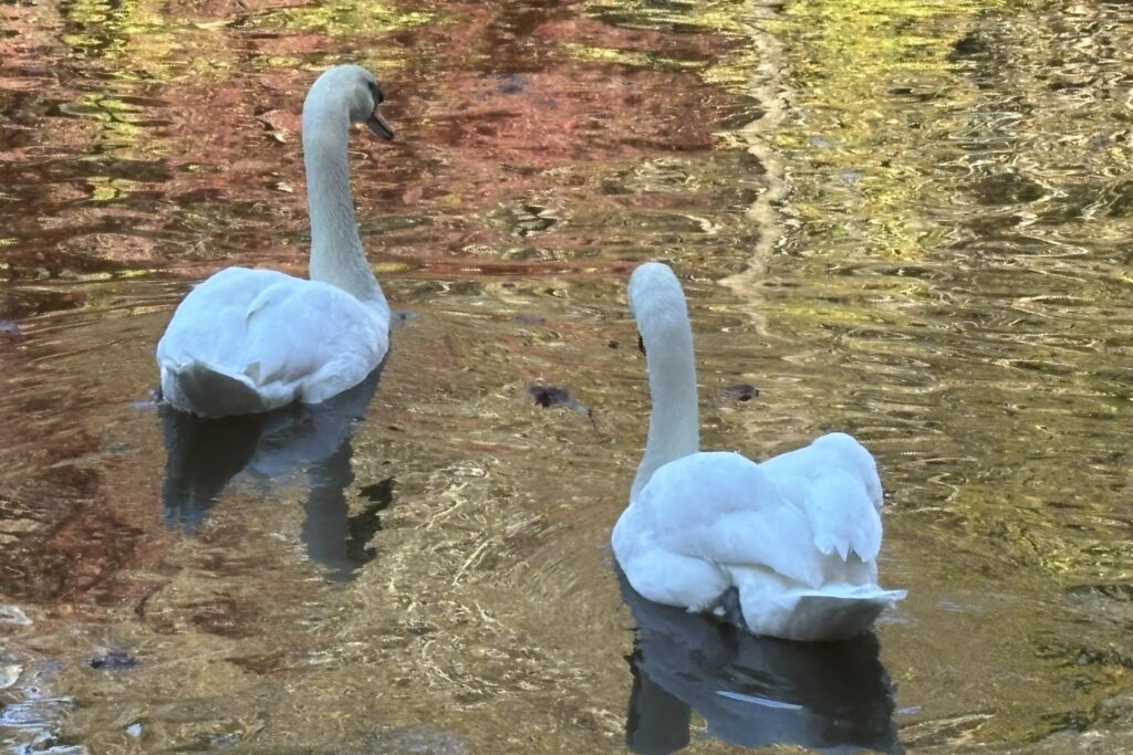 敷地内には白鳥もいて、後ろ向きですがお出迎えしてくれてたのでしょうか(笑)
---
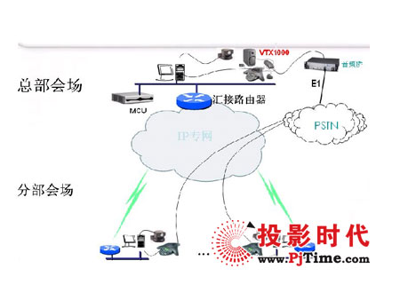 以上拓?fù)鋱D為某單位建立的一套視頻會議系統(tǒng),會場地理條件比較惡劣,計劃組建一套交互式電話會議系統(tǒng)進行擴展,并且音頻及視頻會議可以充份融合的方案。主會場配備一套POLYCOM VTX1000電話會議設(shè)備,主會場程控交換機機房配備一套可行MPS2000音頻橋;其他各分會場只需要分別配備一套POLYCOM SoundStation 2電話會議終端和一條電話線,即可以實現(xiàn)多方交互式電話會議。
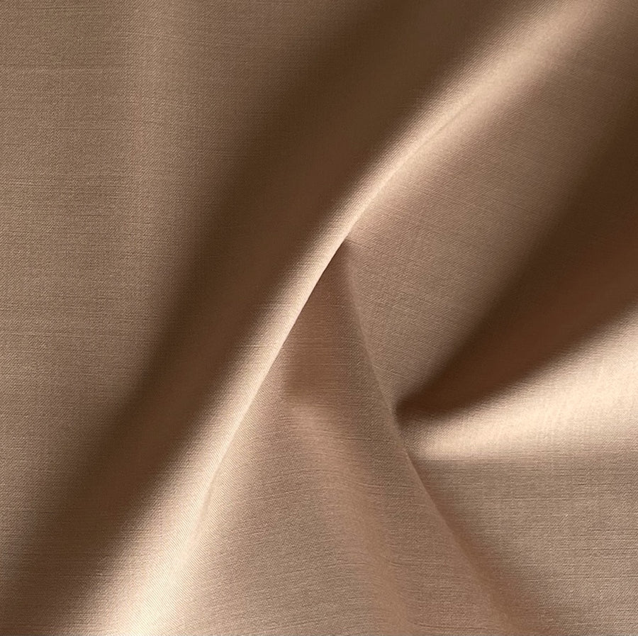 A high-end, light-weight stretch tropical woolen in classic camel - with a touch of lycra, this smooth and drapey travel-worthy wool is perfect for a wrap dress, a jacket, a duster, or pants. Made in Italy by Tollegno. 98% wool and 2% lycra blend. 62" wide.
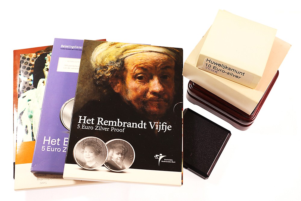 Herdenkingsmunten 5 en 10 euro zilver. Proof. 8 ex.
--
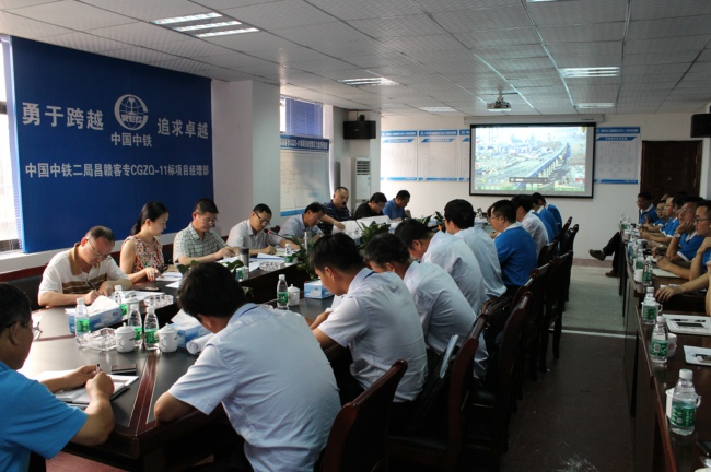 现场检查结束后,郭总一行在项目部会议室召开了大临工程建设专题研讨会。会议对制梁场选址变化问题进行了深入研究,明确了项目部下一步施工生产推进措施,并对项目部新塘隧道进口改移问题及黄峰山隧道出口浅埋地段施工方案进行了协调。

- Exercise directions
Although pictures appear among the records above, write out exactly only the lines from the one that has "A high-end, light-weight" through the one that has "Herdenkingsmunten 5 en", and leave the pictures out.

- Your response
 A high-end, light-weight stretch tropical woolen in classic camel - with a touch of lycra, this smooth and drapey travel-worthy wool is perfect for a wrap dress, a jacket, a duster, or pants. Made in Italy by Tollegno. 98% wool and 2% lycra blend. 62" wide.
 Herdenkingsmunten 5 en 10 euro zilver. Proof. 8 ex.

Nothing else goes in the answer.